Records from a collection
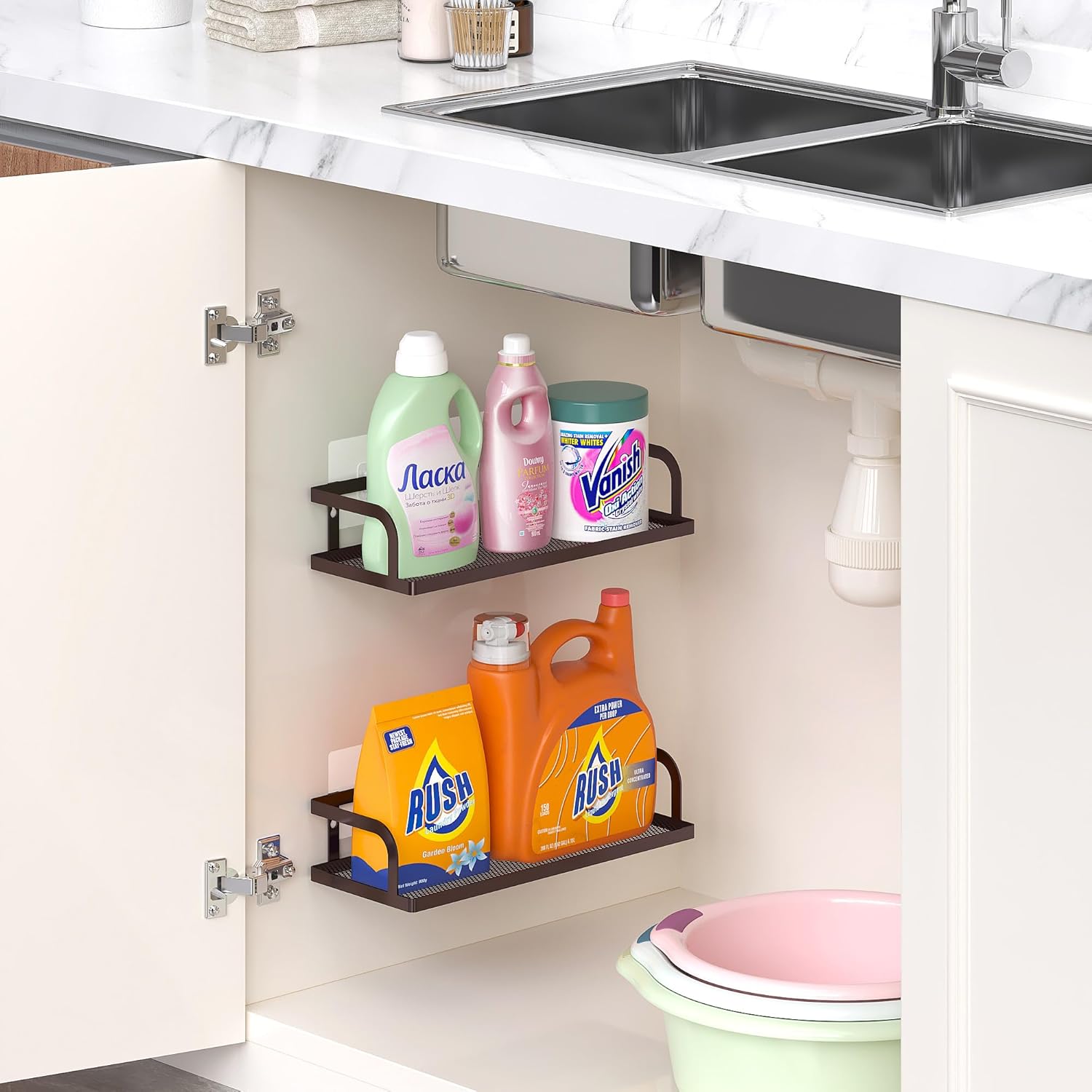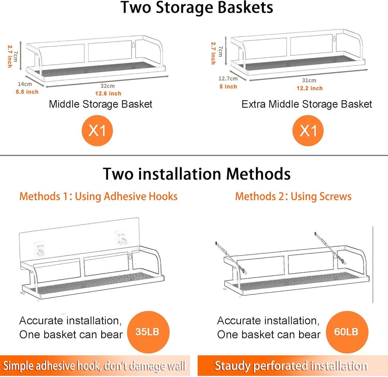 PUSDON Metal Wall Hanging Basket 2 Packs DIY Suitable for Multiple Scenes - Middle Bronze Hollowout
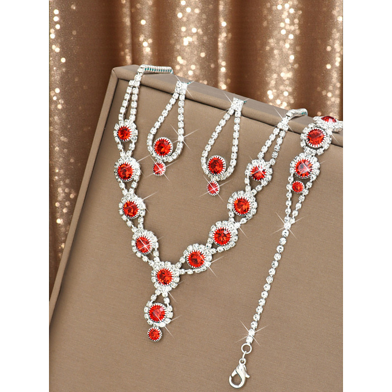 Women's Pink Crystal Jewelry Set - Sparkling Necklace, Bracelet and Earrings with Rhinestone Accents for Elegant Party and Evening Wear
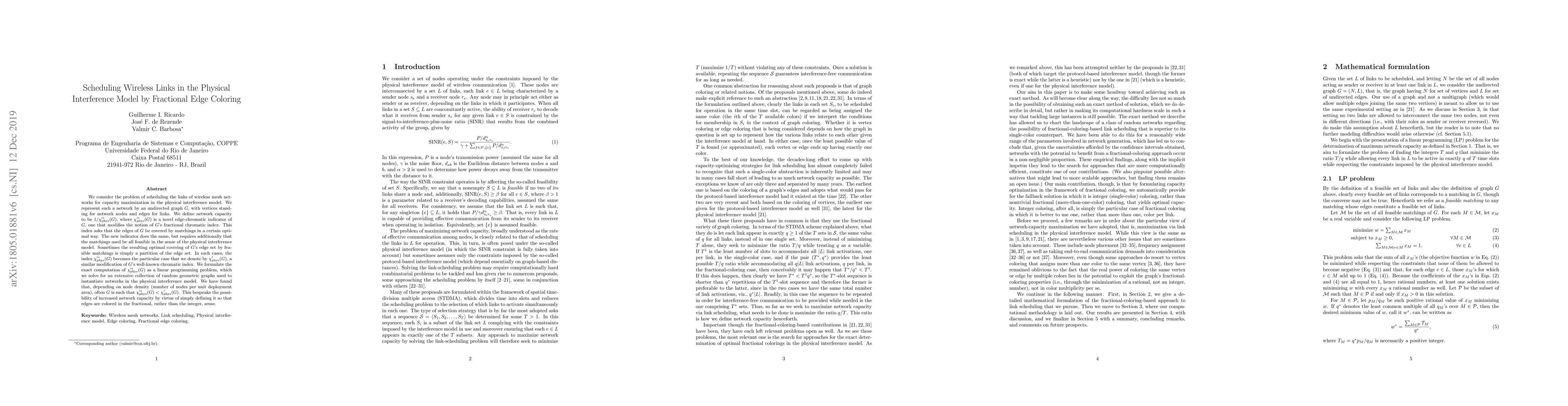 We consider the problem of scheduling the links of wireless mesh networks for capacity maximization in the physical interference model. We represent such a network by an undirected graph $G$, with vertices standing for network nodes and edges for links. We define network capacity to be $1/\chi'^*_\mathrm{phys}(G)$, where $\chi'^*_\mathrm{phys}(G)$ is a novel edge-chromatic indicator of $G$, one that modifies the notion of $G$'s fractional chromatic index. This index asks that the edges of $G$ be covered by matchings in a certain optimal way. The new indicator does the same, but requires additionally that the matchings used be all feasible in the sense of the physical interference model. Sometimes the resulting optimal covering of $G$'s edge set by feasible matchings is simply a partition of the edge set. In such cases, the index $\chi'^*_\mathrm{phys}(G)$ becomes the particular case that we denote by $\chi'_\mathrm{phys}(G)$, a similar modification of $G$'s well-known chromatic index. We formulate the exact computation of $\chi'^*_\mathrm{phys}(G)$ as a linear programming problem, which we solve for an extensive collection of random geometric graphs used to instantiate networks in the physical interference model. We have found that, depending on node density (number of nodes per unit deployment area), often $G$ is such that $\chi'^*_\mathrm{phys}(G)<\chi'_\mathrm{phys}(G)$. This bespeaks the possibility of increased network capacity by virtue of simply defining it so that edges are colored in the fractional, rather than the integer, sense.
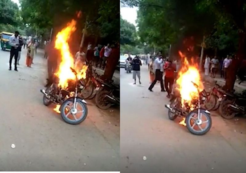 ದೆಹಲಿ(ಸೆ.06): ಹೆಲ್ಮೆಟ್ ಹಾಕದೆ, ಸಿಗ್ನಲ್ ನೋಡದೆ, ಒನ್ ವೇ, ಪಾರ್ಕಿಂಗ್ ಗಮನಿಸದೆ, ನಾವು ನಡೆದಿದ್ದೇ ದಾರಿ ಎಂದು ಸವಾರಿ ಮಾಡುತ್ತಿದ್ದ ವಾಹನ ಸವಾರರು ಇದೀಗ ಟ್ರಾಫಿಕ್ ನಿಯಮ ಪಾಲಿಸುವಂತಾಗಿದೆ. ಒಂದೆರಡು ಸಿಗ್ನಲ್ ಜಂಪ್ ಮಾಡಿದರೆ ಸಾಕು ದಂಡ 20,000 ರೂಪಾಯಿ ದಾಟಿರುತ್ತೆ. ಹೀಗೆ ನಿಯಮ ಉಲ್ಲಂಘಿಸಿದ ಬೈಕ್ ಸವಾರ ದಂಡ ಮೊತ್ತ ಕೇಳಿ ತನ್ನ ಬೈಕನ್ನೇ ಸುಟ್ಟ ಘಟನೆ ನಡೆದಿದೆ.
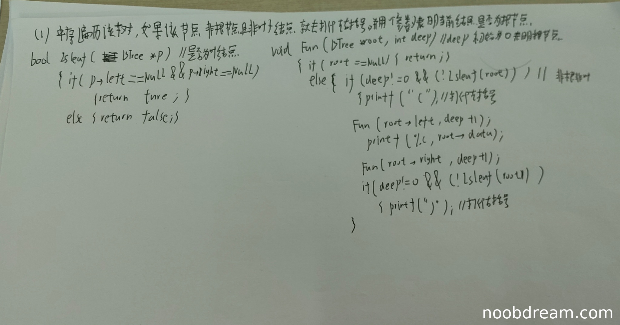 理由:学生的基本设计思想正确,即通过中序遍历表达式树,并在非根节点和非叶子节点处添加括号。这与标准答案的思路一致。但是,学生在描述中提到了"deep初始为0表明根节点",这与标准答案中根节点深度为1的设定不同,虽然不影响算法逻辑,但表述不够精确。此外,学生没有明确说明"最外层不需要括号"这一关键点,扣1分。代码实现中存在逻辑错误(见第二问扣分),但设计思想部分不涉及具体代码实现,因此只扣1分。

== Directions ==
Take the lines from the one holding "ದೆಹಲಿ(ಸೆ.06): ಹೆಲ್ಮೆಟ್ ಹಾಕದೆ, ಸಿಗ್ನಲ್" through the final line of the records above and output them exactly, both ends included, excluding pictures.

== Answer space ==
 ದೆಹಲಿ(ಸೆ.06): ಹೆಲ್ಮೆಟ್ ಹಾಕದೆ, ಸಿಗ್ನಲ್ ನೋಡದೆ, ಒನ್ ವೇ, ಪಾರ್ಕಿಂಗ್ ಗಮನಿಸದೆ, ನಾವು ನಡೆದಿದ್ದೇ ದಾರಿ ಎಂದು ಸವಾರಿ ಮಾಡುತ್ತಿದ್ದ ವಾಹನ ಸವಾರರು ಇದೀಗ ಟ್ರಾಫಿಕ್ ನಿಯಮ ಪಾಲಿಸುವಂತಾಗಿದೆ. ಒಂದೆರಡು ಸಿಗ್ನಲ್ ಜಂಪ್ ಮಾಡಿದರೆ ಸಾಕು ದಂಡ 20,000 ರೂಪಾಯಿ ದಾಟಿರುತ್ತೆ. ಹೀಗೆ ನಿಯಮ ಉಲ್ಲಂಘಿಸಿದ ಬೈಕ್ ಸವಾರ ದಂಡ ಮೊತ್ತ ಕೇಳಿ ತನ್ನ ಬೈಕನ್ನೇ ಸುಟ್ಟ ಘಟನೆ ನಡೆದಿದೆ.
 理由:学生的基本设计思想正确,即通过中序遍历表达式树,并在非根节点和非叶子节点处添加括号。这与标准答案的思路一致。但是,学生在描述中提到了"deep初始为0表明根节点",这与标准答案中根节点深度为1的设定不同,虽然不影响算法逻辑,但表述不够精确。此外,学生没有明确说明"最外层不需要括号"这一关键点,扣1分。代码实现中存在逻辑错误(见第二问扣分),但设计思想部分不涉及具体代码实现,因此只扣1分。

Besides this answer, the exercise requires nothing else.